Is it possible to create union fields in python data classes? (pydantic, dataclass, attrs)

Question:

I want to build a data structure where there can be multiple fields, but only one of the selected few fields can be set, otherwise an error is raised when other than 1 is set.

Here is what I want to to behave like.

from typing import Optional
from pydantic import BaseModel


class BasicSpec(BaseModel):
    ...


class ComplexSpec(BaseModel):
    ...


class Spec(BaseModel):
    title: str
    basic_spec: Optional[BasicSpec] = None
    complex_spec: Optional[ComplexSpec] = None

    def __init__(self, **kwargs: "Spec"):
        union_fields = ["basic_spec", "complex_spec"]
        r = len([k for k, v in kwargs.items() if k in union_fields and v is not None])
        if r > 1:
            raise ValueError(f"Given more than one union fields: {union_fields}")
        elif r < 1:
            raise ValueError(f"Spec must have one of union fields: {union_fields}")

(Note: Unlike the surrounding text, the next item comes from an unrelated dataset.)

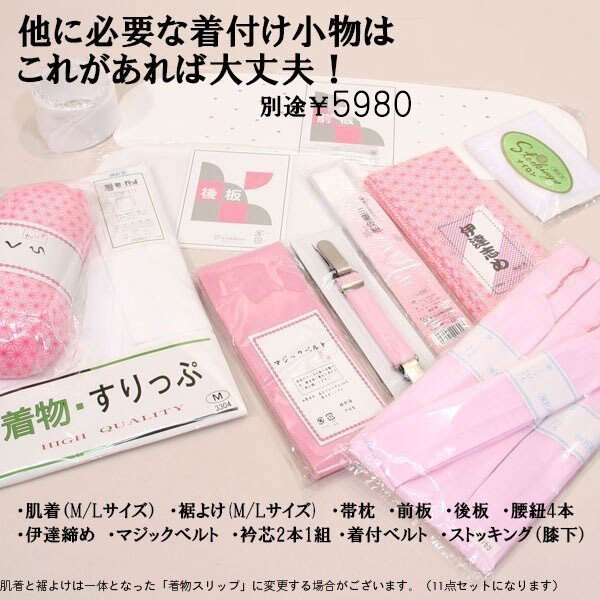| 着付け小物セット | ★着付け小物セットMサイズ/Lサイズを別途\5980でご用意できます。 ※肌着(着物スリップ)参考サイズ M:身丈120cm 身巾52cm 繰越10cm 裾廻130cm L:身丈120cm 身巾60cm 繰越10cm 裾廻140cm ※ご要望のお客様は、「フォーム備考欄」「メール(aji_net@khaki.plala.or.jp)」「お電話」「FAX」いずれかの方法でご連絡ください。 |
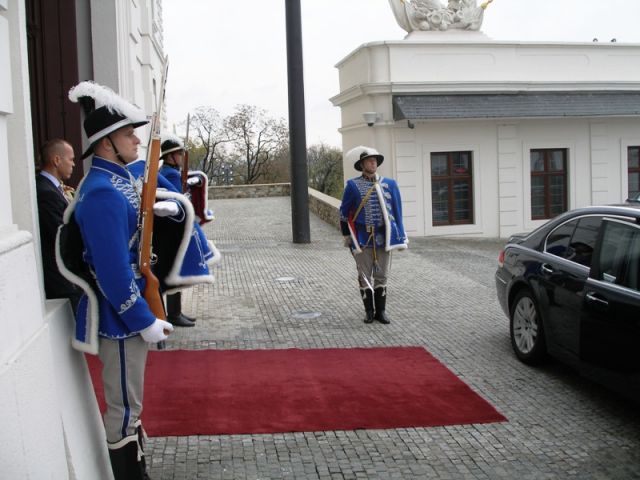Čestná stráž OS SR vojenskými poctami - špalierom na Bratislavskom hrade a Vojenská hudba OS SR na nádvorí Prezidentského paláca pod velením kapitána Borisa Hokinu zvýraznila výnimočnosť stretnutia hláv štátov.

        super().__init__(**kwargs)

# Fail cases
# s = Spec(title="Test 1", basic_spec=BasicSpec(), complex_spec=ComplexSpec())
# s = Spec(title="Test 1")

# Happy path / Expected behavior
s = Spec(title="Test 1", basic_spec=BasicSpec())
print(s.json(exclude_unset=True))
# Expected results
# {"title": "Test 1", "basic_spec": {}}

Here the data class requires only one of the union fields (basic_spec, complex_spec) to be set.

I created this solution, but I’m wondering if there is a built-in way in the library or a feature in other libraries.

Asked By: Gny

||

Answers:

This simple thing would be to just have one spec that is a Union[BasicSpec, ComplexSpec]. I’m assuming for some reason that isn’t feasible in your use case.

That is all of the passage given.